He greeted me with the news that new lesions had appeared on my latest MRI scan, which was not good as it implied that my MS was active. I had read that when MS is active steroids could be used in order to calm the body down and reduce the inflammation. I had hoped that these steroids would be an option for me in helping my vision problems which tended to manifest themselves when my body temperature increased and had been causing me problems whilst playing football. It was when I was curled up in a ball on the bed that we were discussing this and the news was delivered to me that the steroids would not help my vision and that it would never improve again. The read across was that competitive football/ squash and any physical sports was now over. To me this was something that no amount of local anaesthetic could numb. Sport has been a large part of my life, it has been a means of stress relief of achieving satisfaction, a way of escapism. Football in particular holds a place with me where the troubles and stresses evaporate when you strike a ball into the back of the net or play the incisive ball for a team mate to score, when you push your body to make that last ditch tackle just before your opponent pulls the trigger…. and now no more. 

The doctor proceeded with the lumbar puncture, despite the body being numb I could feel the pricks every so often and sporadically I could feel him hitting the bone. At one point the nerves in my leg were set off and pins and needles went through my left leg like having a funny bone hit. Despite words of encouragement the procedure had to be aborted after three unsuccessful attempts… I could not believe it – all of that pain an palaver for nothing.  I was told that it would be carried out again with the help of a guided X-ray machine …. why this isn’t the standard procedure I have no idea!

Lumbar Puncture Part Deux

I arrived for my second lumbar puncture at 8:30am the following week, it was scheduled to take place at 9am.  The warden who escorted me to my room attempted to make small talk asked me what I was in for, when I told him he said “Oh sorry I feel for you!” –  Great! After waiting two hours in the room I was told the consultant was no longer able to perform the procedure and that they would need to try and find someone else. In the meantime I was ambushed with some blood tests – I am not the best with needles. I hoped someone else would be found to step in as I didn’t want to have to take another “long weekend” out of the office. Another person was found  – a good one I was told. I recommend anyone going for a similar procedure to also ask for someone “good”.  The new procedure time would be 13:30 and I would be under sedation. The “good” consultant came to see me at 13:33 and explained how the procedure would work.  

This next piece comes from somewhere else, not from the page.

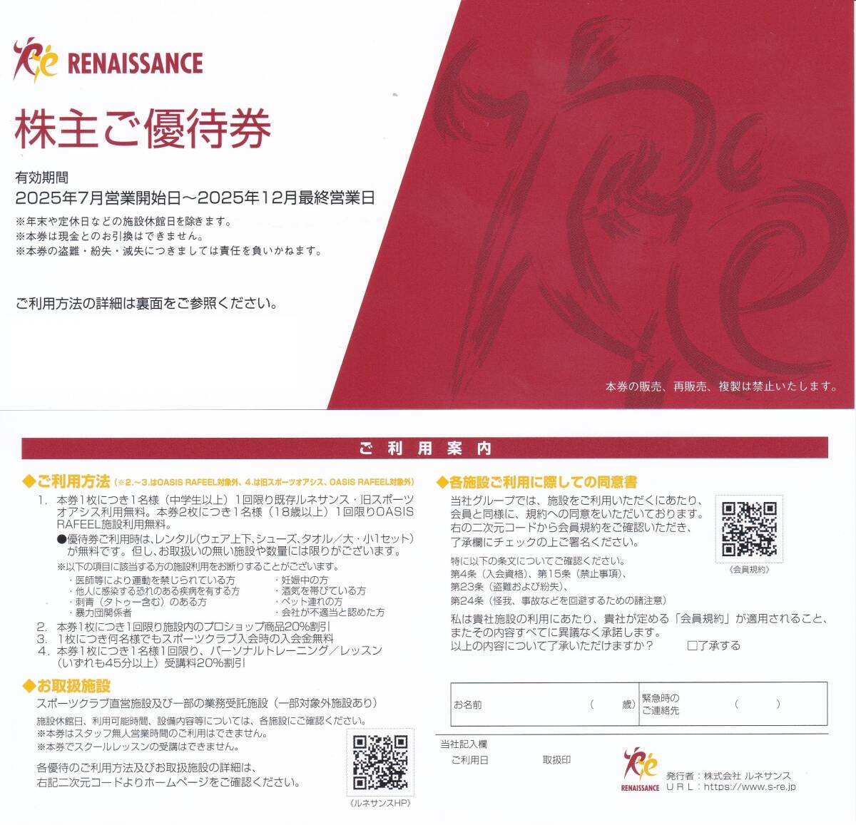 【1枚1280円】ルネサンス株主優待 フィットネスクラブ・ダイエット

I was then taken down to the operating room. I was not expecting the operating theatre to be so big and busy. There were about 8 people in the room, nurses and assistant radiographers. They put a cannula in my arm – in case I needed the sedation, I expected I would be ok just with local anesthetic given I had had practice the previous week. I found the whole experience pretty intense. There was a big screen with my X-rayed back in front of me I kept my eyes closed for most of it and just kept counting to 10. Each injection induced a sharp pain but the numbing was more effective then previously as I did not feel the actual bigger insertion. After 10-15 mins the consultant hit the right spot and drained a few samples from my back.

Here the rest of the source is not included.